18 The Respondent is an elderly person who has lived in the same house, the subject of these proceedings, for nearly 40 years. It is difficult for me to gauge the extent of his understanding of the proceedings over the five occasions he has been before me, whether legally represented or not. He did have the benefit of legal representation during the early part of the proceedings when I made orders 4 and 5 dated 17 June 2005 and order 1 dated 21 June 2005, and from my observations his then acting solicitor made considerable efforts to explain matters to him, that solicitor being an Ukrainian language speaker. There has also been an Ukrainian interpreter present in Court on all but one occasion to translate matters for the Respondent. The Court and the Respondent have been greatly assisted by having his friend Mr Ciric accompany him on several occasions. No psychological assessment of the Respondent has been presented to the Court, but it is clear that he is elderly and that the circumstances are very unfortunate for him.

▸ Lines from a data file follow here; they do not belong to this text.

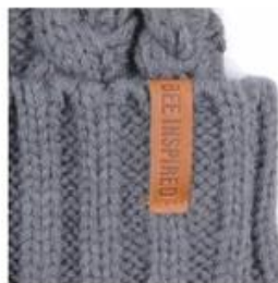
PINCH TAG WOVEN | SIZE AND SHAPE MAY VARY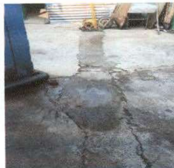
Foto 2: Limpieza y correccion de tubo hacia pozo de absorción y nuevo brocal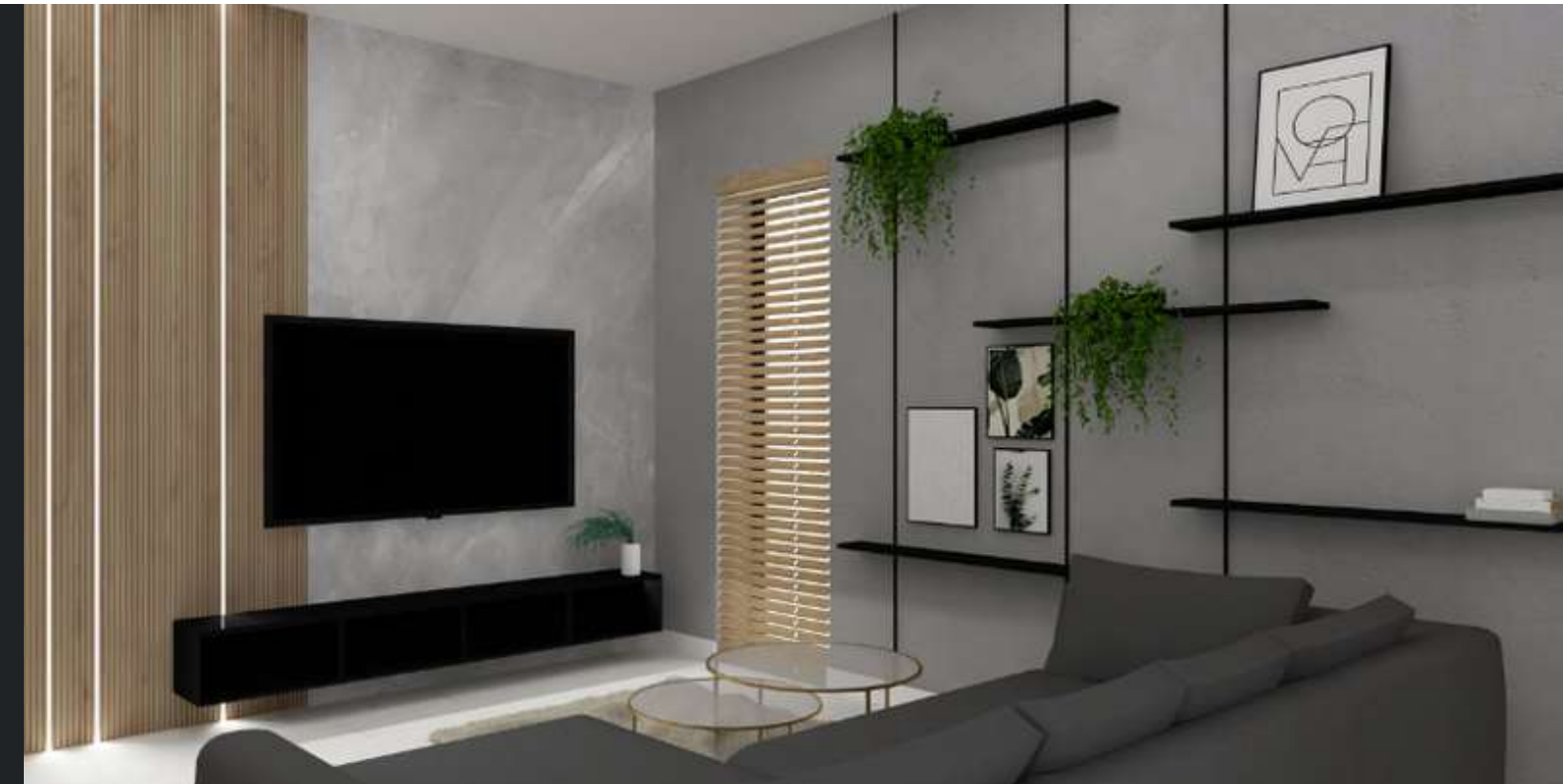
Projekt domu i wnętrza wnętrza, 2020 r.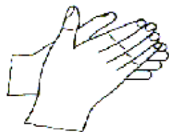
4. 两手互握互搓指背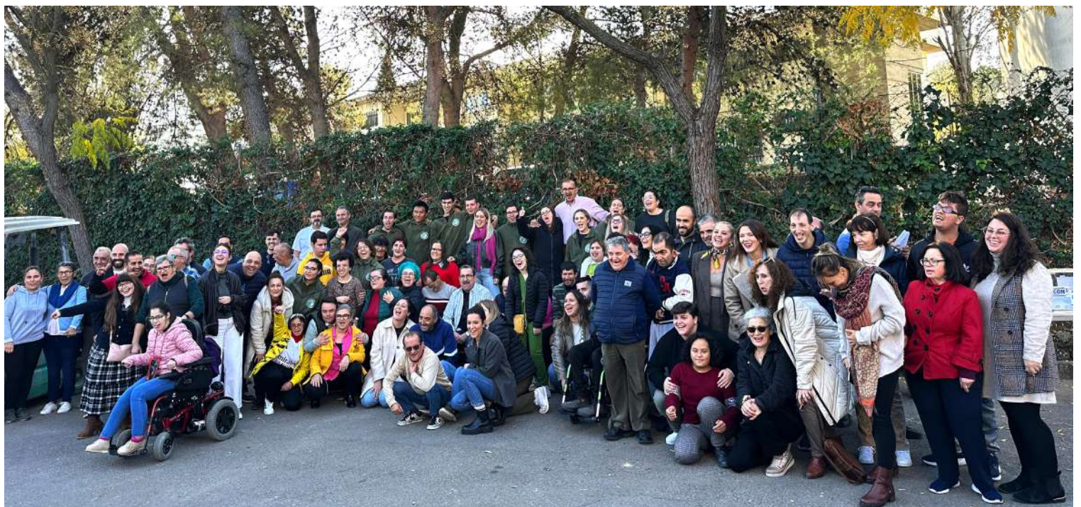
Comunidad de residentes y miembros de Albasur en el acto de colocación de la primera piedra del nuevo edificio.

socialización, fundamentales para mejorar la calidad de vida de las personas atendidas y fomentar su autonomía. El proyecto refleja el compromiso de la Junta de Andalucía con la inclusión social y la mejora de los servicios para las personas con discapacidad intelectual. Fue en julio de 2024 cuando la Junta de Andalucía aprobó destinar 19,2 millones de euros a 15 proyectos en Córdoba para la construcción y mejora de centros para personas mayores y con discapacidad, donde se incluía este proyecto en Priego. Estas ayudas, financiadas por los fondos europeos Next Generation, incluyen el proyecto de Albasur y otros proyectos como la construcción de residencias y centros de día para diferentes municipios y entidades, sumando un total de 26,5 millones de euros.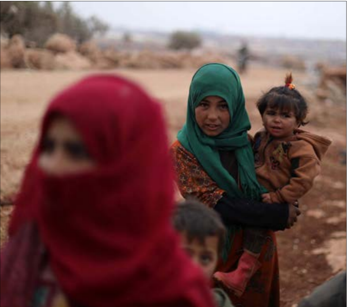
تريد «قسد» تحلّل الطيران السوري، بوجه تركيا، فيما ترفض إطاء أيّ من مساحات سيطرتها

بخصوصيتها العسكرية، أي بوجود إمكانيّة افتتاحه بإدارة مشتركة مع الحكومة السورية، فينبع حديث «قسد» عنه من احتياجها إلى استرجار المزيد من المساعدات الإنسانية للمخيمات التي تسيطر عليها، والتي

19 Due to concerns on my part about his physical safety I gave him a very short period to vacate the premises. Given his limited resources to effect the move, and despite the Council being willing to assist him, I accept it was very difficult for the Respondent to move within the time frame specified in the orders to vacate the premises. He did move out approximately five weeks after the date required by the Court order. Applying Wood v Staunton, as far as the matters specified by Dunford J are relevant, I consider that while the contempt is serious the Respondent may not have been fully aware of the consequences of his breaches of the Court's order, the contempt was not committed in the context of a serious crime, the contempt has been purged enabling the Council to undertake the demolition of his home, that no particular benefit such as financial gain has accrued to the Respondent by virtue of his contempt, and taking into account his personal circumstances particularly his age and the fact he had to vacate his home of many years, the Court, in the exercise of its discretion, considers that no penalty should be imposed on the Respondent.
Costs
20 The issue then arises whether I ought award costs in the Council's favour. Under s 69 of the Land and Environment Court Act 1979 I have broad discretion to grant costs. The Court has previously awarded costs to applicants in situations where a respondent has been found guilty of contempt but no penalty has been imposed (see for example South Sydney City Council v Hexiva Pty Limited [2002] NSWLEC 174 and Ashfield Municipal Council v Stavitsky [2005] NSWLEC 492). In the circumstances of this case I am satisfied that the Council was entitled to commence the contempt proceedings and that it was justified in doing so. The Respondent's dwelling was clearly a risk to public safety and had been so since at least 15 April 2005 when the Council issued emergency orders to the Respondent to evacuate the dwelling. In addition, by virtue of the Respondent's delay in evacuating the site the Council was frustrated from complying with order 1 dated 21 June 2005. I consider that the Council is entitled to its costs in relation to the hearing on 20 September 2005. As has previously been determined by this Court, impecuniosity on the part of a respondent is not a reason for declining to make an order for ` costs (see Tzavellas v Canterbury City Council (1999) 105 LGERA 262 at [12]). I will suspend the costs order for two years however to give the Respondent time to organise his affairs in relation to the property he owns.